How .privacy Took Shape
Over time, .privacy has become a home for those who want their digital identity to align with principles of discretion and choice. It has resonated with users who prefer readable names that do not reveal more information than necessary, and with projects that focus on privacy-aware tools, communities or research. In practice, this has meant .privacy being used for personal identity, project branding, secure communications and naming layers where minimizing unnecessary exposure is part of the design intent.
The domain has established itself as a popular choice where privacy-first identity matters, including:
- Groups or platforms built around user-controlled data
- Services that benefit from human-readable, user-owned identifiers
- Communities exploring selective or pseudonymous presence
- Projects that want values-aligned branding tied to privacy technology
Rather than serving volume-driven trends, .privacy has taken root with people who care about autonomy and digital dignity.

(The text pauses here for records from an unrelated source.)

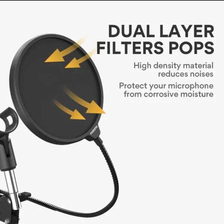 MAONO stüdyo mikrofonu ön camı, döner montajlı pop filtre maskesi kalkanı, kolay kurulum, sökme ve konum ayarlamayı amaçlamaktadır.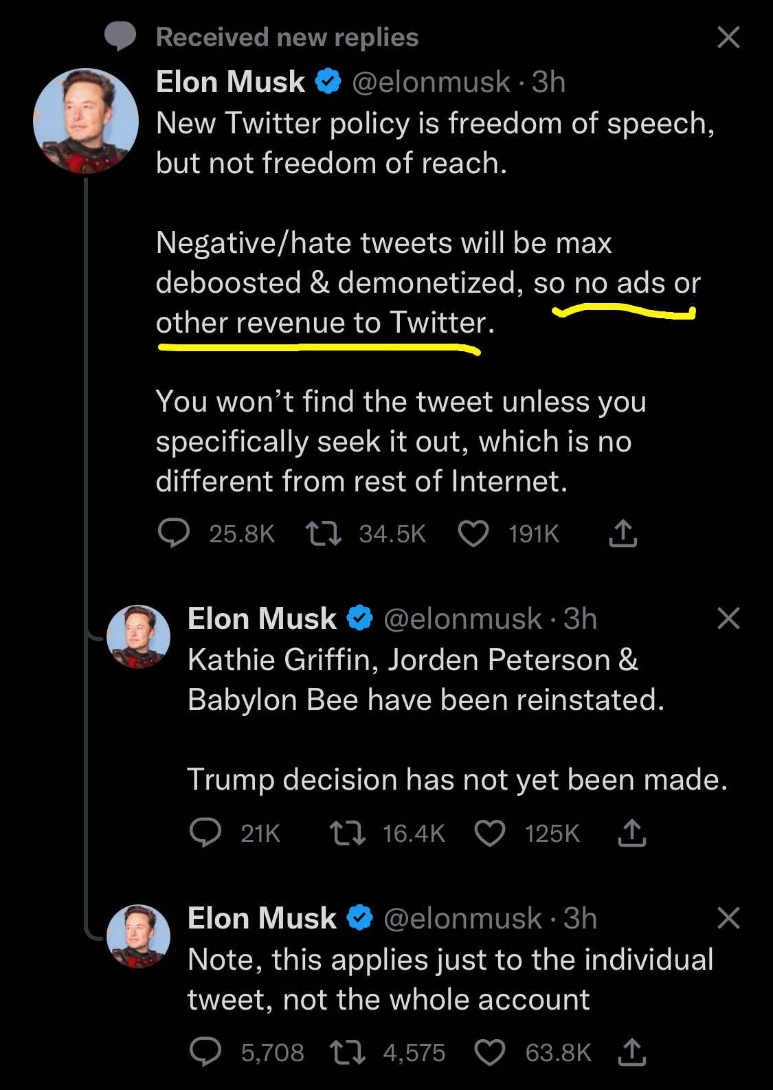Elon continues to prove himself to be an idiot everyday. But this freedom of speech vs reach is just about as stupid an idea that I have ever seen.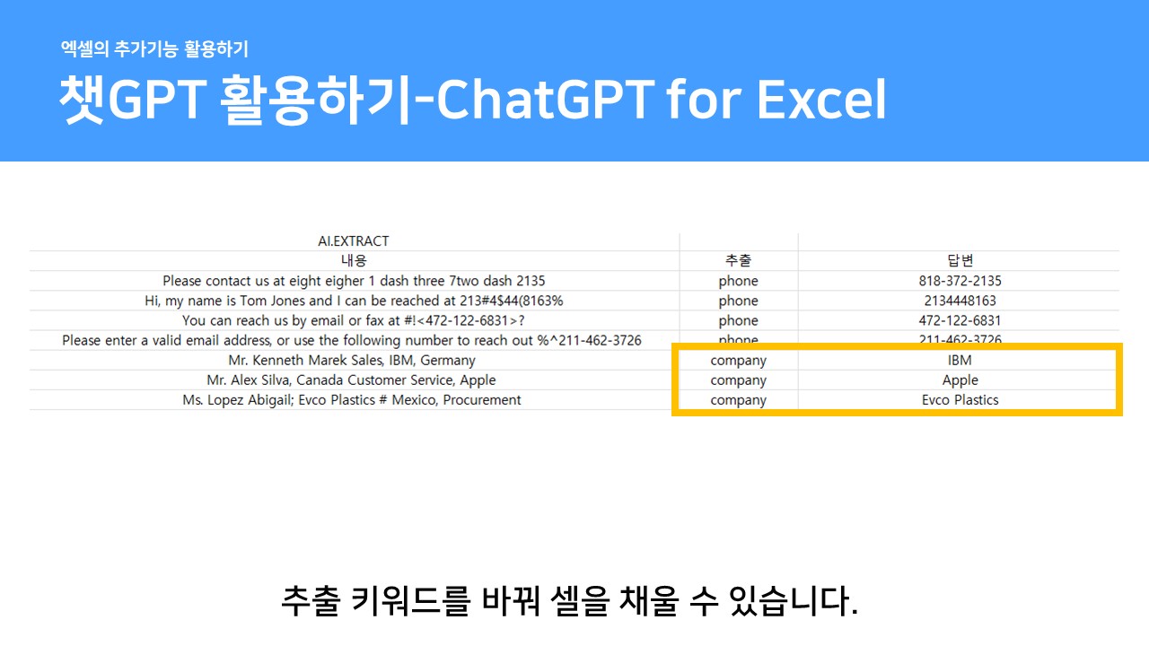 추출 키워들 바꿔 답변 셀을 채워줍니다. 추출 키워드 또한 그 내용을 포함하는 키워드를 챗GPT가 잘 인식합니다.

How .privacy Has Held Its Place
The concerns that inspired .privacy continue to influence how people navigate the internet. Many individuals and organizations want greater choice in how they present themselves, what information they share and how their identity is positioned online. A domain built around intentional digital presence remains relevant, especially as expectations around data sensitivity grow. AI has accelerated these concerns, prompting more people to think carefully about how their data is used, interpreted and circulated online.
The involvement of WiW3P, Secret Network, and FLUIDEFI has kept .privacy aligned with applied privacy expertise, creating a namespace shaped by advocates, technologists and builders actively working in data protection and privacy-preserving systems.
The Next Step: Bringing .privacy to the Global Stage
In September 2025, we announced the intent to submit .privacy to the upcoming ICANN gTLD application round in 2026. This move, if successful, would position .privacy inside the global DNS system and open the door to far wider use.
If approved, ICANN recognition would allow .privacy to function as a standard top-level domain. That means:
- Full browser and website support across Chrome, Firefox, Edge and other major platforms
- Native email functionality for sending and receiving from .privacy addresses
- Search engine visibility that allows .privacy sites to be indexed and discoverable
This transition would also allow privacy-oriented naming to participate directly in the same infrastructure as banks, governments, institutions and global platforms. It would bring .privacy into the mainstream internet environment while still allowing users to benefit from onchain identity tools, representing the next stage in giving individuals and organizations a domain shaped around user choice, intentionality and control over how they present themselves online.